== Segment start ==
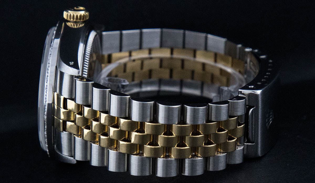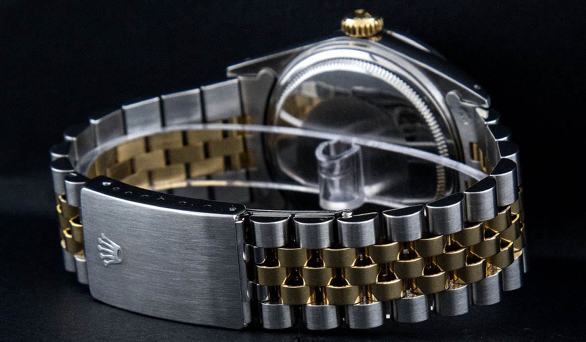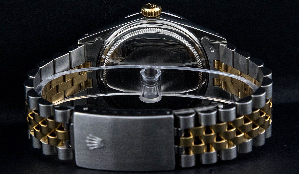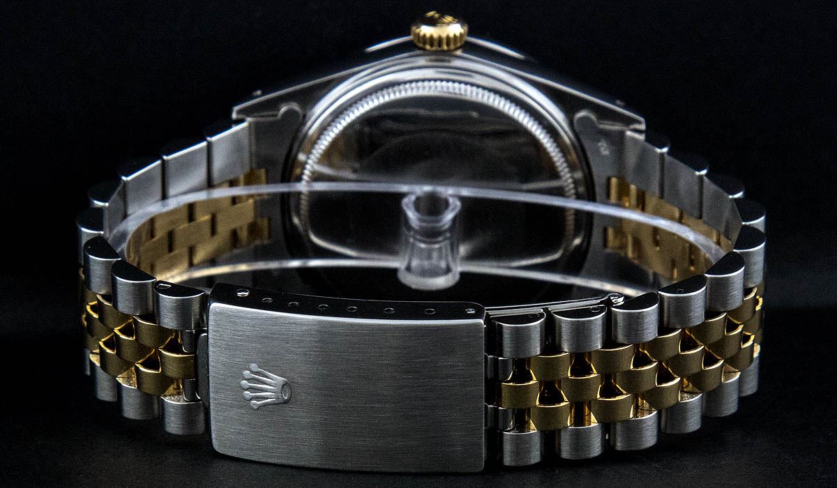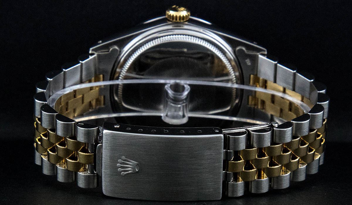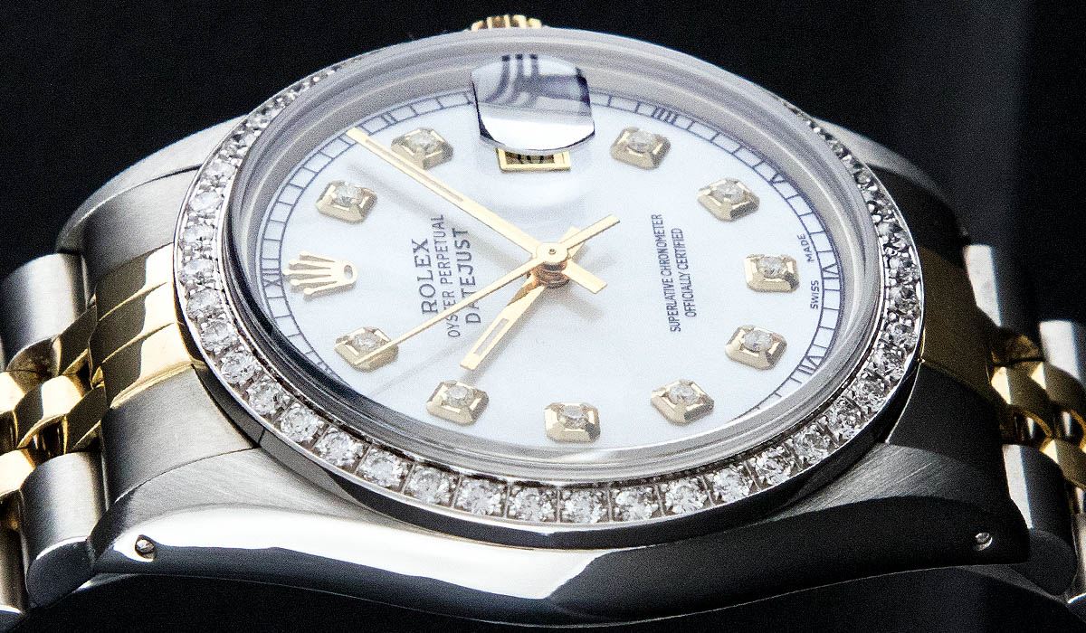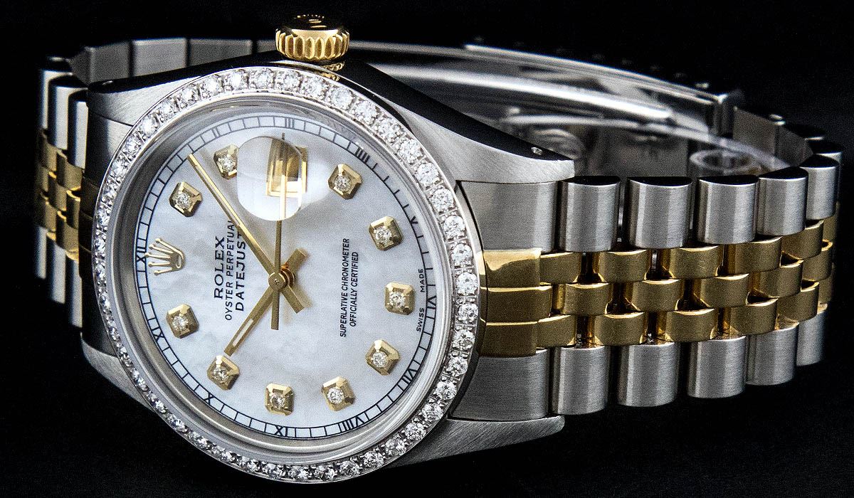 One Mens Two Tone Rolex Datejust Polished, Serviced & Electronically Tested, 14K Yellow Gold & Stainless Steel Case:36mm, 14K Yellow Gold Crown, Custom Bezel: 18K White Gold Beadset Diamond Bezel, Diamond Count: 44 Diamonds, Total Weight 1.00 Carat, Clarity: Si-VS, Color: G to H. Custom Crystal: Synthetic Sapphire Cyclops Lens. Movement: Automatic Winding Movement Caliber 3035. Custom Dial: Mother Of Pearl Diamond Dial, 10 Diamonds in Dial G To H In Color, Si-VS Clarity, Date Window: 3 O'Clock Position Date Display, Quickset, Model: 16013 Condition: G-6 Extra Fine. Bracelet: Two Tone 14K Yellow Gold & Stainless Steel Jubilee. Bright Polish. 6.5 Inch Length, Adjustable. Standard Clasp, With Rolex Logo.
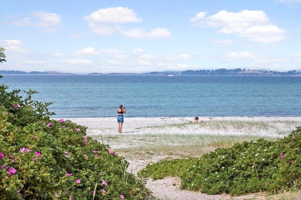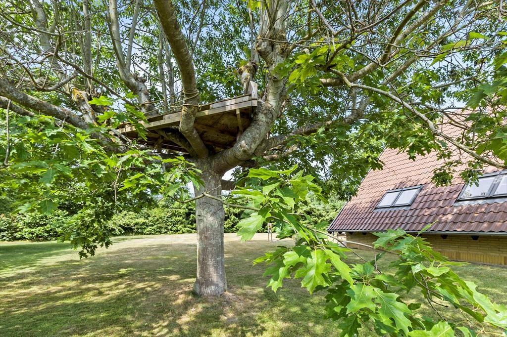 Oplev den store, uforstyrrede naturgrund, der er omkranset af træer, og som skaber et fristed for leg og aktiviteter. Den store græsplæne indbyder til sjov, og med kun 300 meter til den børnevenlige badestrand er der rig mulighed for at tage en dukkert. Den dejlige terrasse på husets bagside giver et godt overblik over haven, hvor man kan nyde morgen-, middag- og aftensolen. Foran huset er der også en mindre terrasse, perfekt til spil og snak med familie og venner. Her er rammerne sat til at nyde udendørslivet i fulde drag.
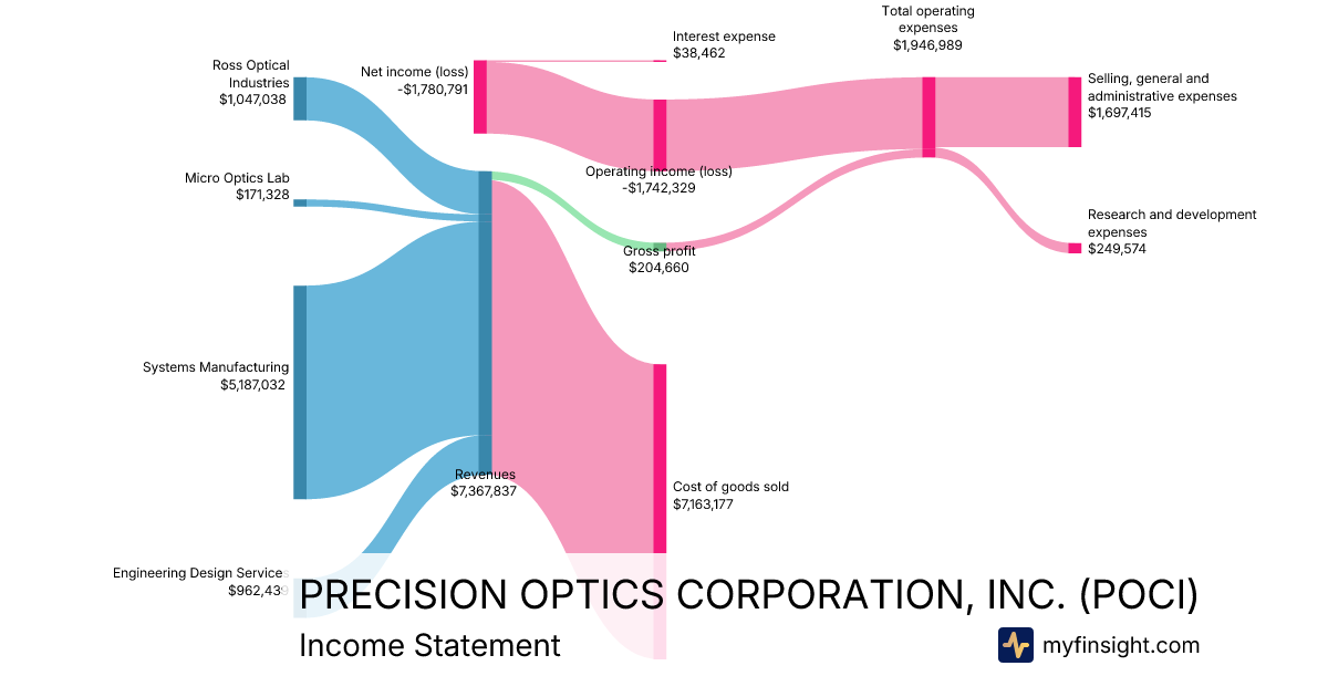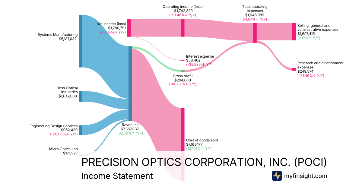 For the quarter ending 2025-12-31, POCI made $7,367,837 in revenue. -$1,780,791 in net income. Net profit margin of -24.17%.
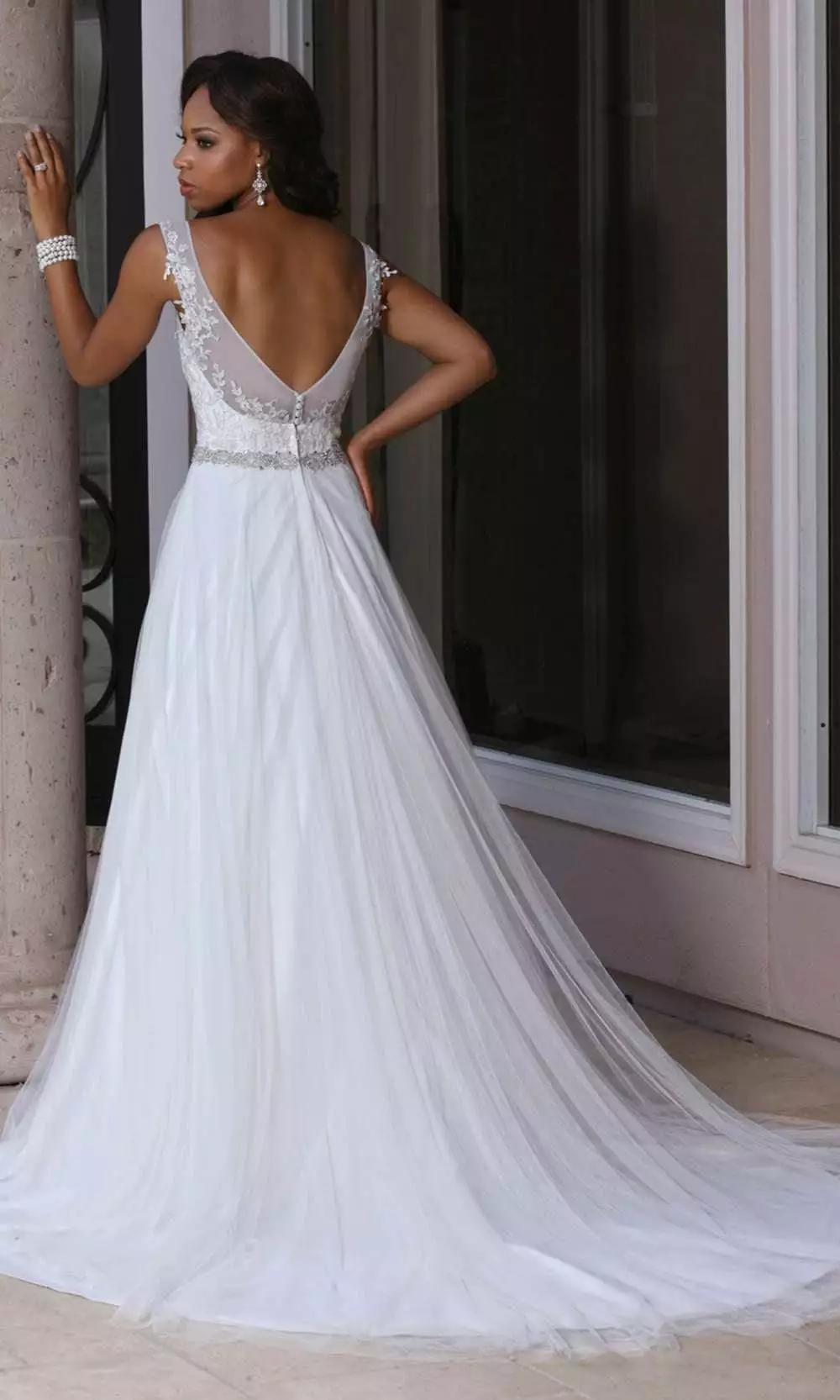 | Details: | Sleeveless, Illusion, Embroidery, Beads, Lace, Tulle, Open V back, Back zipper, Court train |
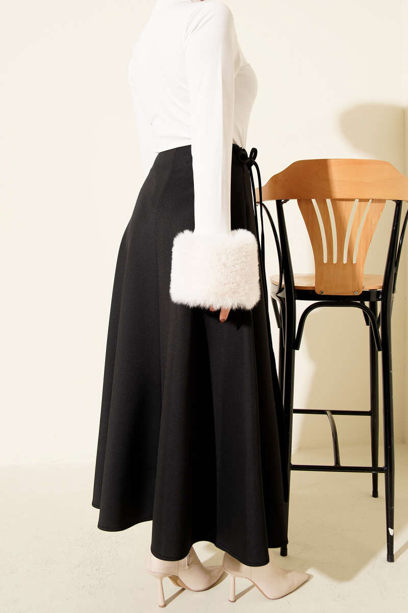 Bel Lastikli Süet Kloş Etek Siyah
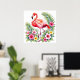 Póster Tropical Watercolor Pink Flamingo Floral Hawaiian
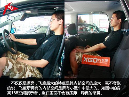 還是那個個性的大個子,身高188cm的他在飛度的前排或者后排都不會有任何擁擠的感覺,這就是飛度的最大的優(yōu)勢,最大的車內可使用空間,而且其內部可使用空間甚至比一些空間比較大的緊湊型轎車還要大,而且其頭部空間……你能看到有任何局促感?
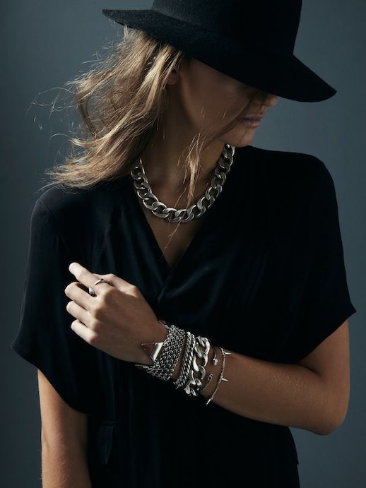Para las apasionadas del rock y los looks más agresivos, este choker tipo cadena combinará a la perfección con tu chupa de cuero, tus estampados escoceses y jeans rotos. Disponible en tonos negros, plateados y dorados, para que escojas tu preferido. Puedes llevarlo con una sola vuelta o dar más de una para que quede más ajustado al cuello.
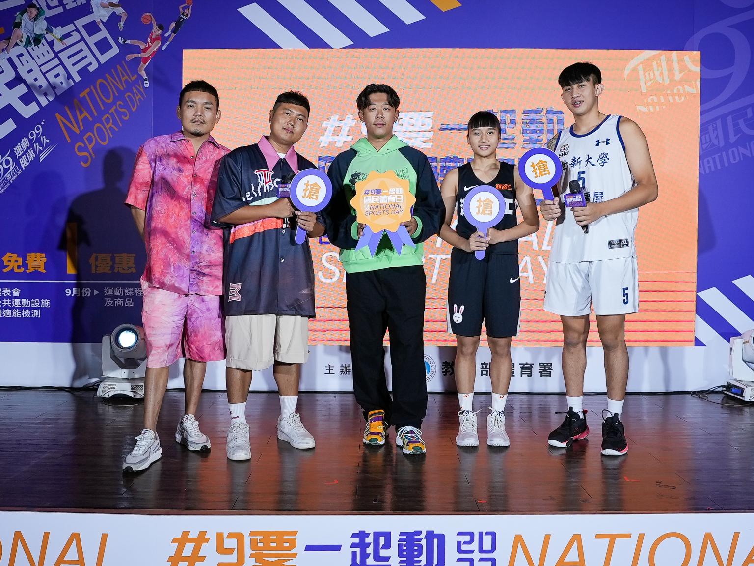 教育部體育署24日舉辦「111年度國民體育日」啟動記者會,特別邀請到110學年度HBL MVP陳將双、李恩芯,與最親民的本土天團玖壹壹,共同擔任111年度國民體育日代言人,首度合作拍攝宣傳影片,並於今日啟動記者正式公開亮相,邀請大家一起「運動99、健康久久」。
== Segment end ==
Exercise goal =>
Leaving out only the pictures, retype every record exactly.

Answer section =>
 One Mens Two Tone Rolex Datejust Polished, Serviced & Electronically Tested, 14K Yellow Gold & Stainless Steel Case:36mm, 14K Yellow Gold Crown, Custom Bezel: 18K White Gold Beadset Diamond Bezel, Diamond Count: 44 Diamonds, Total Weight 1.00 Carat, Clarity: Si-VS, Color: G to H. Custom Crystal: Synthetic Sapphire Cyclops Lens. Movement: Automatic Winding Movement Caliber 3035. Custom Dial: Mother Of Pearl Diamond Dial, 10 Diamonds in Dial G To H In Color, Si-VS Clarity, Date Window: 3 O'Clock Position Date Display, Quickset, Model: 16013 Condition: G-6 Extra Fine. Bracelet: Two Tone 14K Yellow Gold & Stainless Steel Jubilee. Bright Polish. 6.5 Inch Length, Adjustable. Standard Clasp, With Rolex Logo.
 Oplev den store, uforstyrrede naturgrund, der er omkranset af træer, og som skaber et fristed for leg og aktiviteter. Den store græsplæne indbyder til sjov, og med kun 300 meter til den børnevenlige badestrand er der rig mulighed for at tage en dukkert. Den dejlige terrasse på husets bagside giver et godt overblik over haven, hvor man kan nyde morgen-, middag- og aftensolen. Foran huset er der også en mindre terrasse, perfekt til spil og snak med familie og venner. Her er rammerne sat til at nyde udendørslivet i fulde drag.
 For the quarter ending 2025-12-31, POCI made $7,367,837 in revenue. -$1,780,791 in net income. Net profit margin of -24.17%.
 | Details: | Sleeveless, Illusion, Embroidery, Beads, Lace, Tulle, Open V back, Back zipper, Court train |
 Bel Lastikli Süet Kloş Etek Siyah
 Póster Tropical Watercolor Pink Flamingo Floral Hawaiian
 還是那個個性的大個子,身高188cm的他在飛度的前排或者后排都不會有任何擁擠的感覺,這就是飛度的最大的優(yōu)勢,最大的車內可使用空間,而且其內部可使用空間甚至比一些空間比較大的緊湊型轎車還要大,而且其頭部空間……你能看到有任何局促感?
Para las apasionadas del rock y los looks más agresivos, este choker tipo cadena combinará a la perfección con tu chupa de cuero, tus estampados escoceses y jeans rotos. Disponible en tonos negros, plateados y dorados, para que escojas tu preferido. Puedes llevarlo con una sola vuelta o dar más de una para que quede más ajustado al cuello.
 教育部體育署24日舉辦「111年度國民體育日」啟動記者會,特別邀請到110學年度HBL MVP陳將双、李恩芯,與最親民的本土天團玖壹壹,共同擔任111年度國民體育日代言人,首度合作拍攝宣傳影片,並於今日啟動記者正式公開亮相,邀請大家一起「運動99、健康久久」。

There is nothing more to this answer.